A few years ago, I decided that I was going to go out and play in public. The music that I play is mostly blues. I'm a blues pianist. I remember I used to go to these blues jams, blues jams were where musicians would go, and then musicians would just get up on stage, they would be called up and there would be a rotation.
It's very spontaneous. You might be a harmonica player or guitar player and you'd be called up and you would just get together and you just start playing with whoever else was on stage to finish the song and then maybe one of the guitar players would get off stage and another one would come up.
I had decided that that year was going to be the year that I got up on stage and played the piano in front of an audience. I waited until the last blues jam of the Year in December because the idea of playing on stage in public at a club was so terrifying to me.
I remember the moment where I was at this blues jam and I had signed up to go up and play, and the person who was running the jam said, Gregg, can you come up here and play the keyboards for us in the next couple of songs.
I remember just the huge adrenaline rush of fear and anxiety, and the tightening up of all my muscles, and just this incredible anxious response. I also remembered that there was nothing I could control about my anxiety, but to accept it.
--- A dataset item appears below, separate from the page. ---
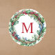 Elegant Red Monogram Initial Christmas Wreath Classic Round Sticker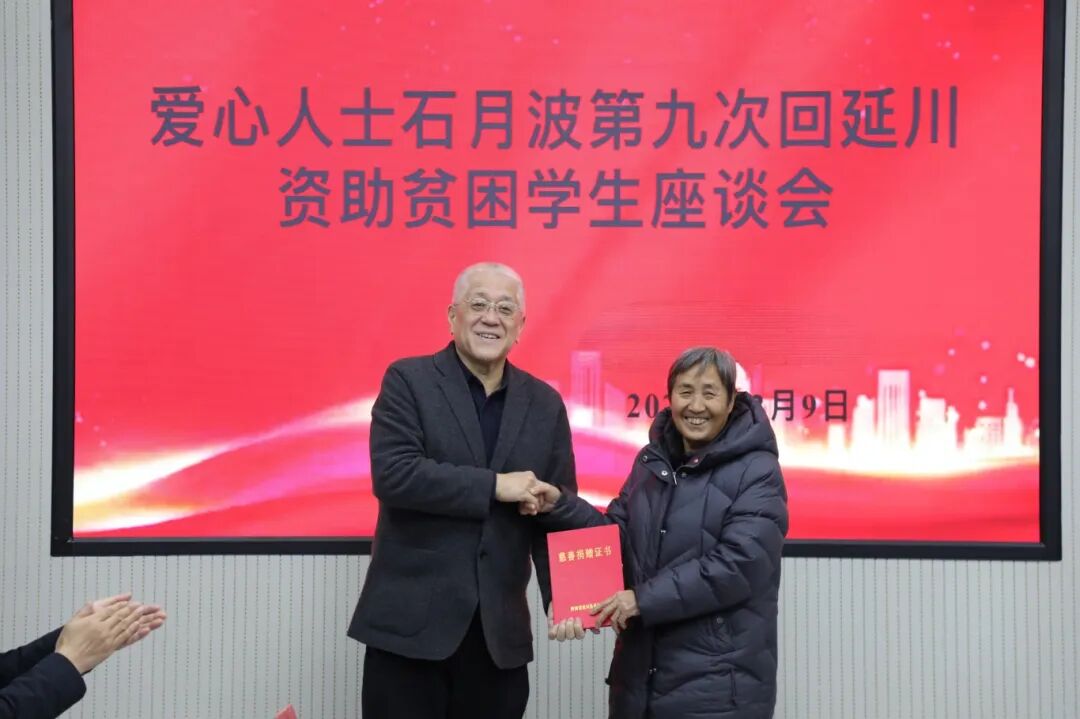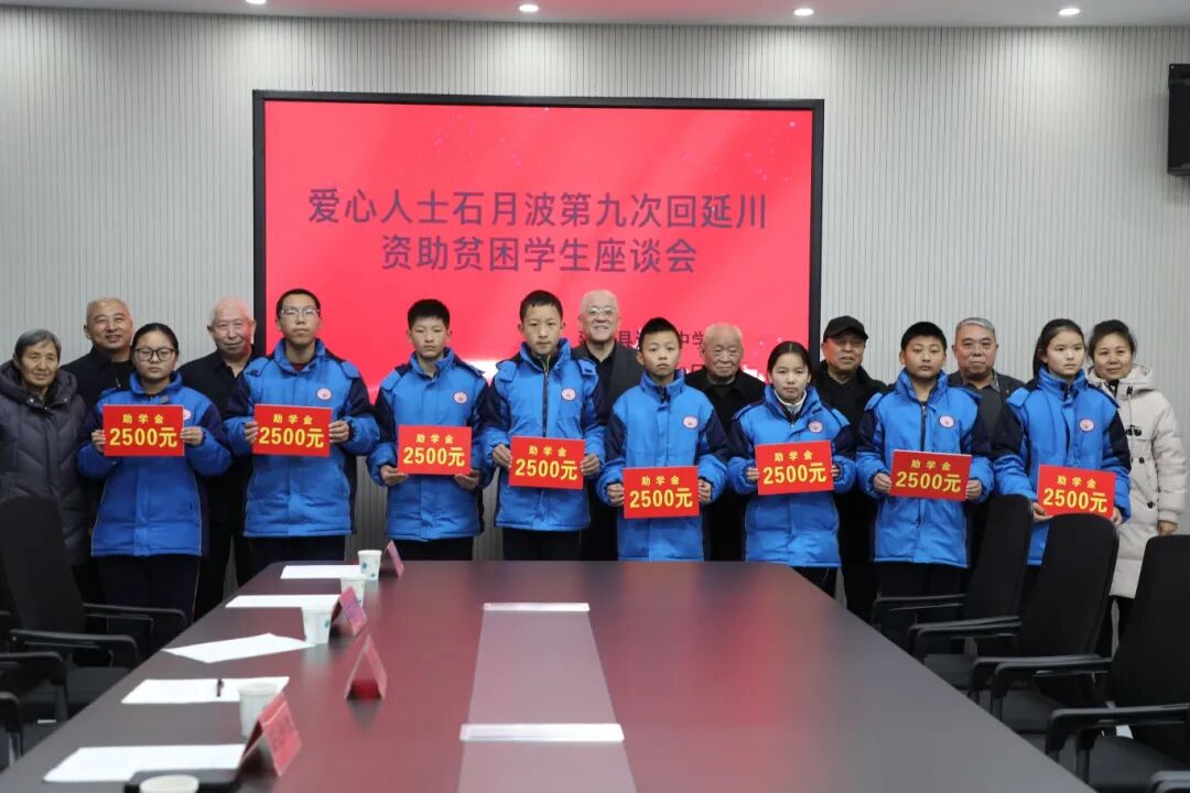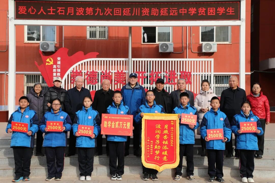九载情系桑梓,大爱点亮希望。12月9日,石月波爱心团队第九次重返家乡,在延川县延远中学举行爱心助学活动,为8名贫困家庭学子发放助学金共2万元。这份爱心捐赠,让孩子们在这个寒冷的冬季深切感受到慈善的温暖和社会的关爱。

So while I was feeling that level of fear and anxiety I was putting one foot in front of the other, walking towards the stage, getting up on the stage and sitting down behind a piano.
Within about 20 seconds, somebody said we're gonna play this song in the key of A. The next thing I knew, I was playing the piano on stage. But I had no confidence, I had an overwhelming sense of anxiety. But I was able to coexist with anxiety and do the thing that was important for me to do.
That's really what we teach people in this kind of psychology is to be able to coexist with depression, with fear, with anxiety, with shyness, with loneliness, whatever challenging feeling that you're facing, and continue to live your life based on what's important for you to do so that you don't give up your life when you're faced with a difficult or an uncomfortable feeling.
We're in that situation with our anxiety over the pandemic, over the virus, where we find ourselves in fear of our health, family's health, we find ourselves anxious about our jobs.
There are all kinds of circumstances stimulating, fear and anxiety. So it's a wonderful time to practice this, to learn how to coexist with that. Look at what's important for us to do again, it comes back to this issue of what can we control? We can't control our feelings.
So what do we do? We accept them, but we can control how we conduct ourselves. So what do we do? We go shopping for food, we put some of the food into a food bank box at the door, people who can't afford food, we Skype with our mother or our sister or something to see how they're doing.
We do our work even though we're constantly feeling distracted. We wash the dishes, we clean the house, we do the things that are important for us to do, feeling anxious, feeling afraid and there's great empowerment that comes from that approach to life.
As opposed to feeling that whenever we're faced with anxiety or fear, we're kind of at its mercy. So it's a very different approach to anxiety and fear. I think it's an approach that is a great fit for the challenges that we're facing in this pandemic.